How does it sound and play? –
Well this instrument is fantastic in every way for me.  After the apprehension of actually taking
the plunge in buying this bigger than normal size of ukulele – for me I have been pleasantly
surprised with the size and the tenor sound it offers.

The sound is so sweet, with a tone that I have never experienced as an owner of an instrument
before.  I give credit to the Koa wood for the tone.

Sustain is excellent.  I would imagine that the bone nut and saddle contribute to note volume,
making a simple hammer‐on and pull‐off very easy and very effective.

Intonation is spot on, harmonics are perfect.

The playability of the HF‐3 is very good, it’s comfortable to hold and moving up and down the fret
board is very smooth – no sharp fret edges – the scale length is a bit more than I’m used to but I’ll
soon overcome that.  The action is very low which adds to the enjoyment of playing, I barely feel
like I need to touch the strings on the frets to get the sound that I want – no buzzing either.

Sound bite ‐

kamaka-hf3 – .MP3 file 585k

All in all –
I would recommend this Ukulele to anyone who wants to go the extra yard with their budget, I
say, “don’t be afraid, you’ll never regret it.”  After all if you look after your Kamaka ukulele it
should last you for many years and may also be worth something one day.  Enjoy & Aloha.

5 Responses to “Kamaka HF‐3 Tenor Ukulele Review”

  1. That’s a beauty, Julie. Thanks for the review. What was the price?

  2. Nate: I didn’t write this review, Ben did. Hopefully he’ll respond to your question about price 🙂
    I agree that he did a great job on the review!

  3. Hello Nate – thanks for the support and also thanks to Julie too.;-{))
    The price of the Kamaka HF-3 Tenor at most retail outlets is around $1040 but if you buy direct from the KAMAKA factory in Hawaii then you can pick it up for $900 (the last time I looked they were offering an additional 10% discount). I recently got a Koaloha KSM-00 Soprano uke but I don’t get to play it much since the Kamaka arrived – it is a joy to play – it getting me into trouble as I would rather play my uke than work (I do work from home so I do manage to get to work at least).

  4. I’d like to add that the Kamaka came with Kamaka strings on it, which sound great, after a few days though I switched to AQUILA ALL NYLGUT strings (no wound string)and the sound is soooo much better, brighter and rounded. Although Aquila strings, I find only sound their best on SOLID KOA instruments. I put Aquila strings on my old ARIA soprano (solid Mahogany) and the sound is not so good – a bit abrasive – sooo I have found that D’addario strings sound better on Mahogany ukes. Try it out and see what you think. ;-{))
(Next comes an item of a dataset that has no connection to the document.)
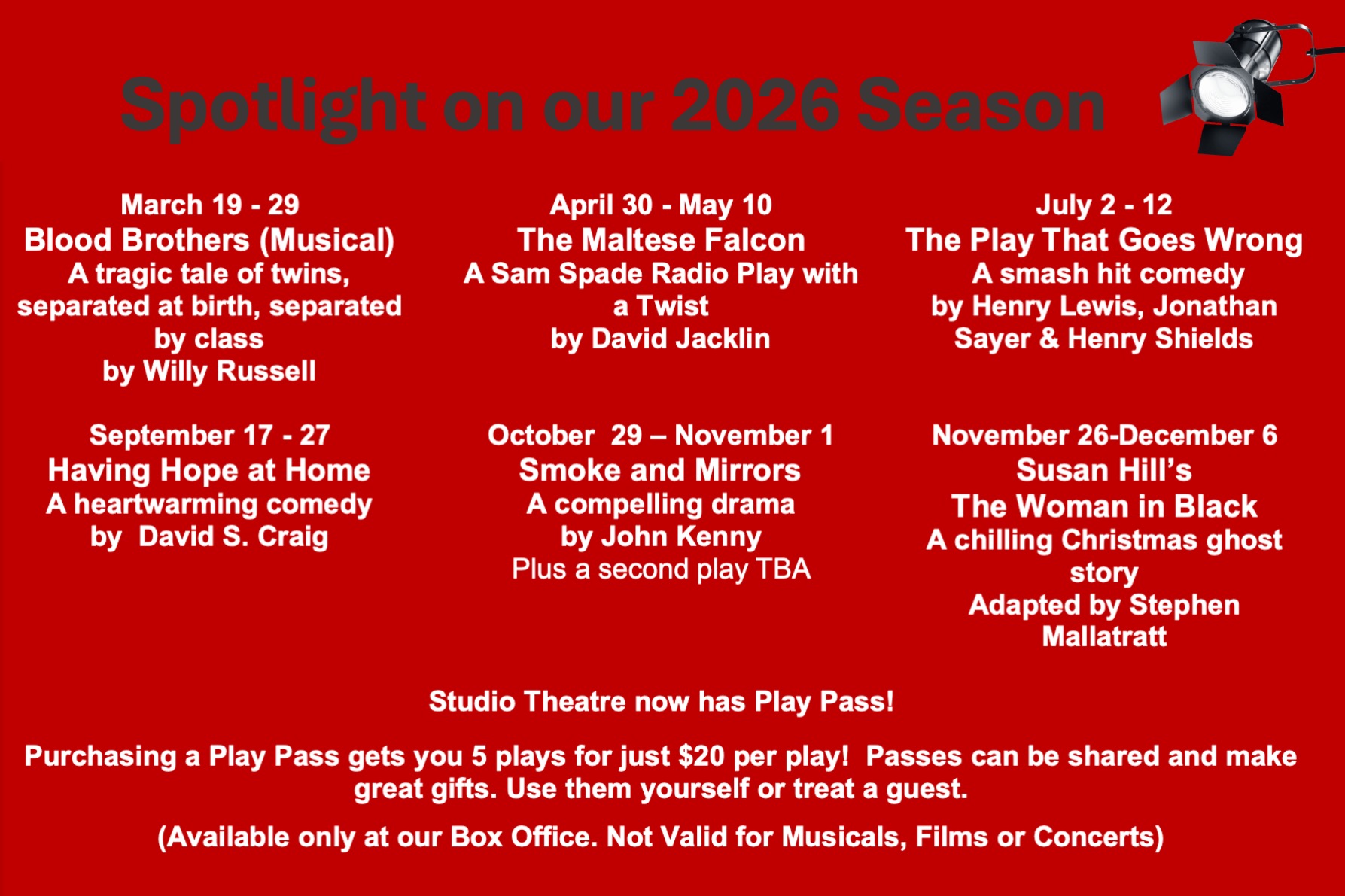 * Please note the Studio Theatre website is the only accurate and reliable source of date and ticket information regarding our shows.

  5. I’ve had a Kamaka tenor (the same model) for four years. The sound has improved and the lacquer odor is gone.The extra string tension took a bit of adjustment.
    It is sweet and loud, as loud as my National, with that great koa sound. I got rid of my Martin soprano as it no longer measured up in sound quality, but it was easier to play.
    I have tried various strings. I used Ko’olau gold for a couple of years andd I’m now using Aquila Nylgut.
    I’m not sure which I prefer, the Aquila’s seem louder and the Ko’olau seem sweeter. It’s so subjective.
    I’ve tried GHS on my National and they were a mistake. I’ve used Aquila’s on it but I’m going to try the Ko’olau. On my Kepasa Little Mac I only have used Aquila.